Она поделилась своими мыслями с отцом, когда того, как легкое белое перышко, ветер принес то ли с дачи, то ли из санатория, но, скорее всего, с очередного заседания "оргкомитета", "инициативной группы" или "лиги гражданских инициатив" в их городскую квартиру.
Отцу было под девяносто, но внутри него как будто неистовствовал "водяной дым", преумножающий на молекулярном уровне энергию. По старческим жилам, как по трубам из неведомой циркониевой пластмассы, бежала горячая кровь. Сухой, как щепка, с белым хохолком-парусом на голове, отец скользил по набирающему мощь Гольфстриму социально-политического общественного протеста, явно намереваясь увести его в сторону революционной Антарктиды. Каждую неделю в Москве собирались многотысячные митинги то "рассерженных квартиросъемщиков", то "оскорбленных блоггеров", то "обманутых слушателей Вестей-ФМ". Отец, сколько его помнила Аврелия, всегда был конспиратором, однако вся его конспирация легко разгадывалась не только вездесущим КГБ, но и домашними. Так и сейчас, отец ничего не говорил, но Аврелия знала, что нынешние митинги - это всего лишь "разогрев" перед главным - внезапным и не многотысячным, а миллионном! - митингом, который как волна-цунами смоет позорную власть. Гольфстрим уйдет на Антарктиду! Власти "жуликов и воров" конец! Аврелия даже знала главную тайну, а именно, какой объединяющий символ предполагается использовать на митинге-миллионнике: портрет президента с приклеенным ко лбу презервативом и надписью: "Вернись домой!". Она пыталась вразумить отца, говорила ему, что "резиновая революция" плохо кончится независимо от того, кто победит: власть или "оскорбленные жильцы". Отец делал вид, что не понимает, о чем она, какие еще митинги, какие жильцы, ему девяносто лет, одним словом, косил под старого маразматика.

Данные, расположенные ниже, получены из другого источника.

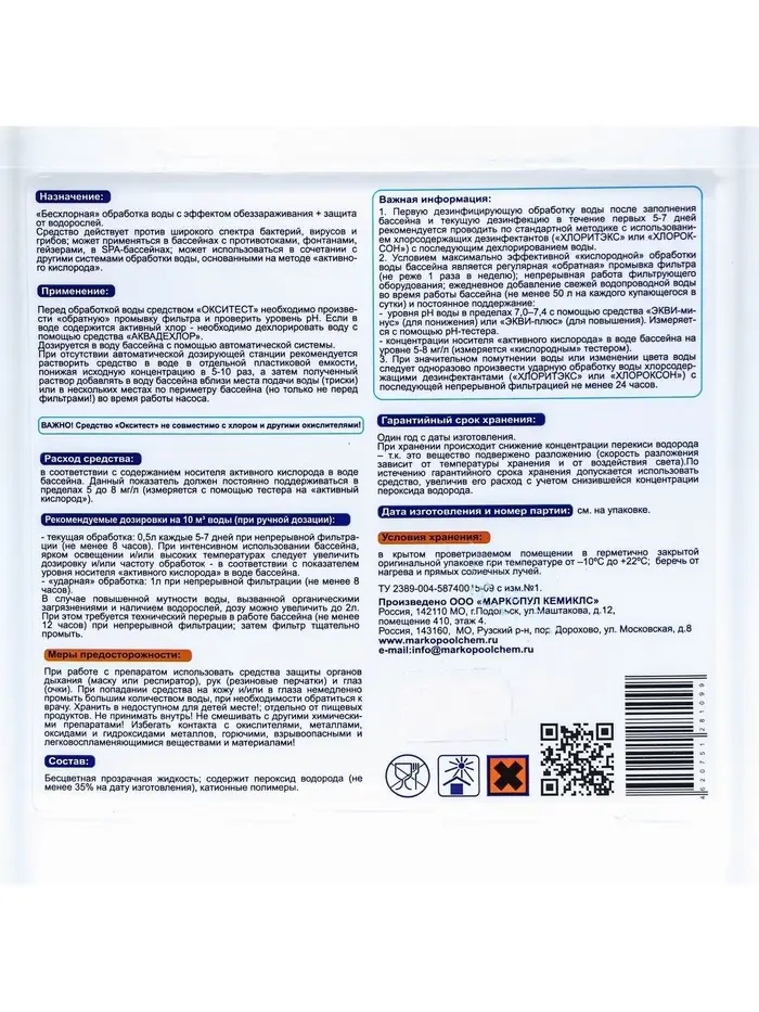 ВАЖНО! Средство «Окситест» не совместимо с хлором и другими окислителями!

Но дым БТ, мобильные сортиры, аква-комплексы, а главное, торжественная презентация проекта на Пушкинской площади его неожиданно заинтересовали.
"А чего ты хотела? - спросил он. - Такова цена науки в завершающий период существования общества потребления! Был бы жив Сталин, уже бы летели на Марс! А вы… - вдруг замолчал, словно пораженный неожиданным откровением, - дальше сортира не видите"… - схватил айпад, уселся в кресло, побежал пальцами по клавиатуре.
Очистит дым сортир.
А мы очистим мир.
Мир - не сортир!
Сортир - не мир! -
успела прочитать Аврелия на экране улетающие строчки.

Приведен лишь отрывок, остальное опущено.